- Instructions to follow -
Please repeat the whole listing exactly, but leave out any picture it holds.

- Available data -

####################

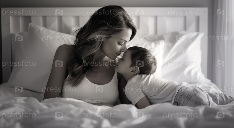 Любовь матери и ребенка. Семья дома. Концепция образа жизни
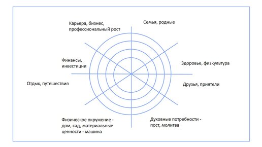 Это статья из цикла статей про ПОСТАНОВКУ ЦЕЛЕЙ. Чтобы ознакомиться с остальными, загляните в конец статьи. Диаграмма жизненного баланса - что-то вроде вспомогательной линейки для вашего текущего жизненного состояния. Иногда люди жалуются на свою жизнь - тогда им может вполне понадобиться такой инструмент. Чтобы это сделать, представьте свою жизнь в виде идеальной картинки. Чтобы вы хотели принести в свою жизнь? Больше занятий спортом, освоение кулинарии, больше общения с близкими и друзьями? Попробуйте выписать их в список...
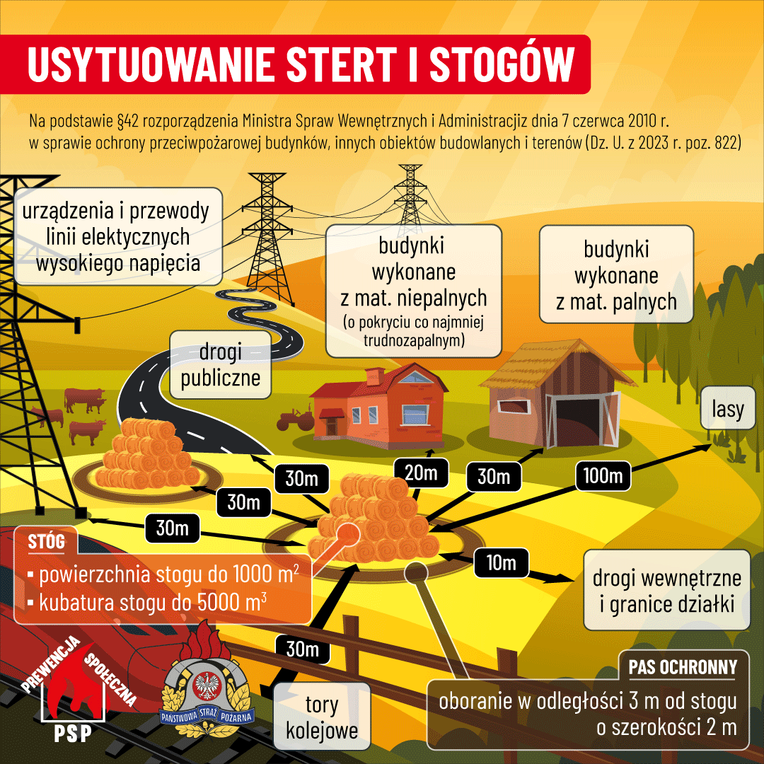 - Wypalanie słomy i pozostałości roślinnych na polach jest zabronione. Właściciele, zarządcy lub użytkownicy obiektów magazynowych oraz inwentarskich, zapewniają i wdrażają instrukcję bezpieczeństwa pożarowego - instrukcja jest wymagana dla obiektów magazynowych o kubaturze brutto budynku przekraczającej 1000m3 i obiektów inwentarskich przekraczających 1500m3.
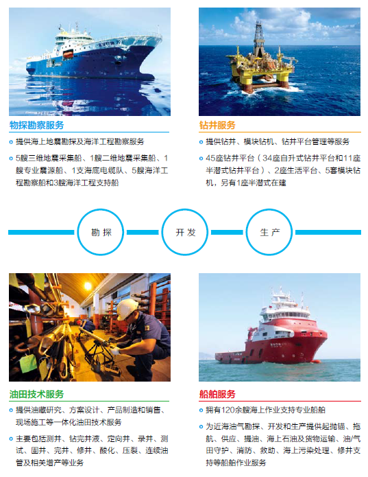 中海油田服务股份有限公司(中海油服, China Oilfield Services Limited 或 COSL)是全球最具规模的综合型油田服务供应商之一,也是亚洲规模最大的油田服务供应商和钻井承包商。公司在沪港上市,拥有50多年海上石油及天然气勘探、开发及生产经验。COSL拥有亚太地区最强大的海上石油服务装备群。中海油服公司的服务区域涵盖中国海域,并拓展至亚太、中东、美洲、欧洲四大区域,覆盖全球30多个国家和地区。中海油田服务股份有限公司业务包括物探勘察、 钻井、 油田技术及船舶四大板块,中海油服拥有完整的服务链条,服务贯穿海上石油及天然气勘探,开发及生产的全过程。
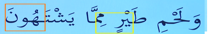 Sarı çizili yerde İdğâm-ı Mea’l–Ğunne  yapıyoruz ve kırmızı çizili yerde fetha Sükun yapıyoruz.
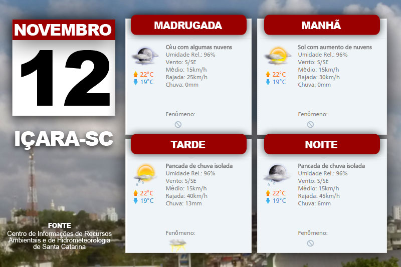 O Sol volta a aparecer na maioria das regiões nesta quinta-feira. Mas no período da tarde e noite, as pancadas isoladas de chuva ainda acontecerão, especialmente, nas regiões do Oeste ao Planalto. O Centro de Informações de Recursos Ambientais e de Hidrometeorologia de Santa Catarina ainda vento fraco a moderado, de sul a sudeste no Litoral, e de sudeste a nordeste nas demais regiões.

####################

- Answer box -
 Любовь матери и ребенка. Семья дома. Концепция образа жизни
 Это статья из цикла статей про ПОСТАНОВКУ ЦЕЛЕЙ. Чтобы ознакомиться с остальными, загляните в конец статьи. Диаграмма жизненного баланса - что-то вроде вспомогательной линейки для вашего текущего жизненного состояния. Иногда люди жалуются на свою жизнь - тогда им может вполне понадобиться такой инструмент. Чтобы это сделать, представьте свою жизнь в виде идеальной картинки. Чтобы вы хотели принести в свою жизнь? Больше занятий спортом, освоение кулинарии, больше общения с близкими и друзьями? Попробуйте выписать их в список...
 - Wypalanie słomy i pozostałości roślinnych na polach jest zabronione. Właściciele, zarządcy lub użytkownicy obiektów magazynowych oraz inwentarskich, zapewniają i wdrażają instrukcję bezpieczeństwa pożarowego - instrukcja jest wymagana dla obiektów magazynowych o kubaturze brutto budynku przekraczającej 1000m3 i obiektów inwentarskich przekraczających 1500m3.
 中海油田服务股份有限公司(中海油服, China Oilfield Services Limited 或 COSL)是全球最具规模的综合型油田服务供应商之一,也是亚洲规模最大的油田服务供应商和钻井承包商。公司在沪港上市,拥有50多年海上石油及天然气勘探、开发及生产经验。COSL拥有亚太地区最强大的海上石油服务装备群。中海油服公司的服务区域涵盖中国海域,并拓展至亚太、中东、美洲、欧洲四大区域,覆盖全球30多个国家和地区。中海油田服务股份有限公司业务包括物探勘察、 钻井、 油田技术及船舶四大板块,中海油服拥有完整的服务链条,服务贯穿海上石油及天然气勘探,开发及生产的全过程。
 Sarı çizili yerde İdğâm-ı Mea’l–Ğunne  yapıyoruz ve kırmızı çizili yerde fetha Sükun yapıyoruz.
 O Sol volta a aparecer na maioria das regiões nesta quinta-feira. Mas no período da tarde e noite, as pancadas isoladas de chuva ainda acontecerão, especialmente, nas regiões do Oeste ao Planalto. O Centro de Informações de Recursos Ambientais e de Hidrometeorologia de Santa Catarina ainda vento fraco a moderado, de sul a sudeste no Litoral, e de sudeste a nordeste nas demais regiões.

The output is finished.